General Introduction and Context
In recent years quorum sensing has been of wide-spread interest in synthetic biology. The ability for populations of cells to communicate in such a way that they either relay information or create specific patterns in culture is one which has been used in several studies (cite...). Some have relied on two different cell populations (predator-prey ref. for example) to engineer novel in vitro behavior.
The idea of the project is to build a system which uses two different quorum sensing sets of molecules that enable the cell to integrate three different levels of signal, and emit a different response according to a predetermine rule-set, producing a given fluorescent protein and a quorum sensing molecule.
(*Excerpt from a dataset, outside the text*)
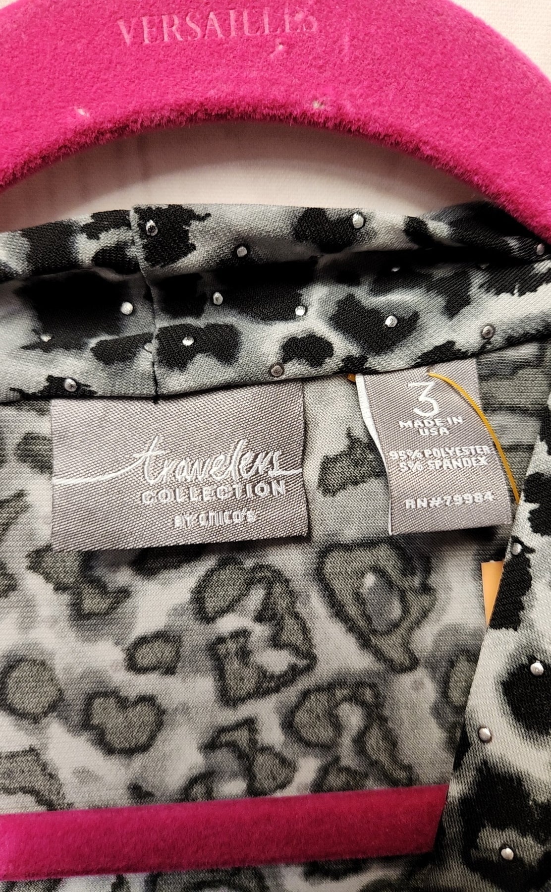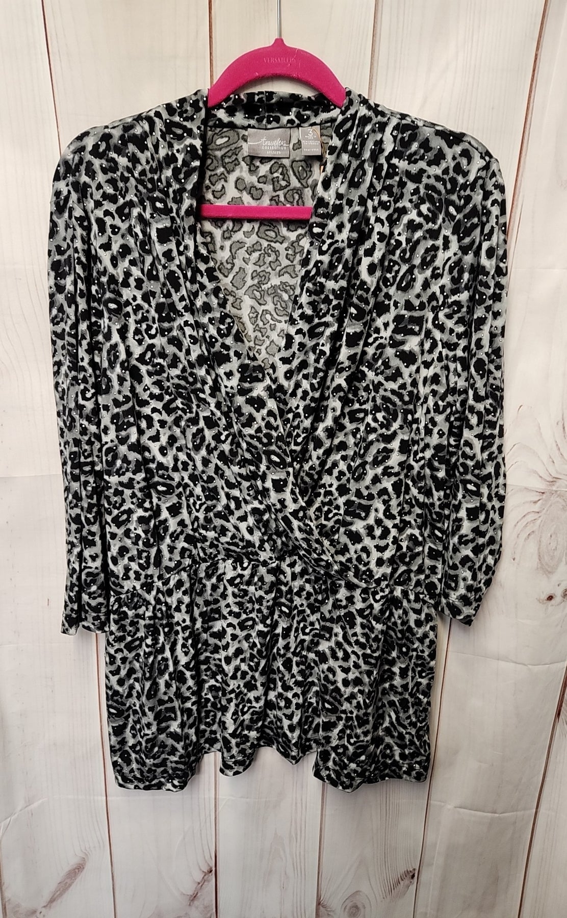 Chico's Travelers Women's Size 3 = US XL Gray Animal Print 3/4 Sleeve Top

Our project uses a single population of cells, which all contain the same genetic information. Thus, the different behavior of the sub-populations will only be dictated by neighboring sub-populations. We also take advantage of the high-level engineering competences found in our Institute (EPFL) by using microfluidic devices in order to culture the cells in an ordered and controllable manner. Our devices are custom-made for the project fabricated using PDMS and multilayer soft lithography (MSL). We designed an array of miniature chambers to culture cells. The chambers are linked to one another with a network of ducts enabling us to culture sub-populations of our cells in contact with each other. Depending on the chamber connectivity and the genetic rule-set used, we expect complex patterns of GFP/RFP expression to form (see patterns below).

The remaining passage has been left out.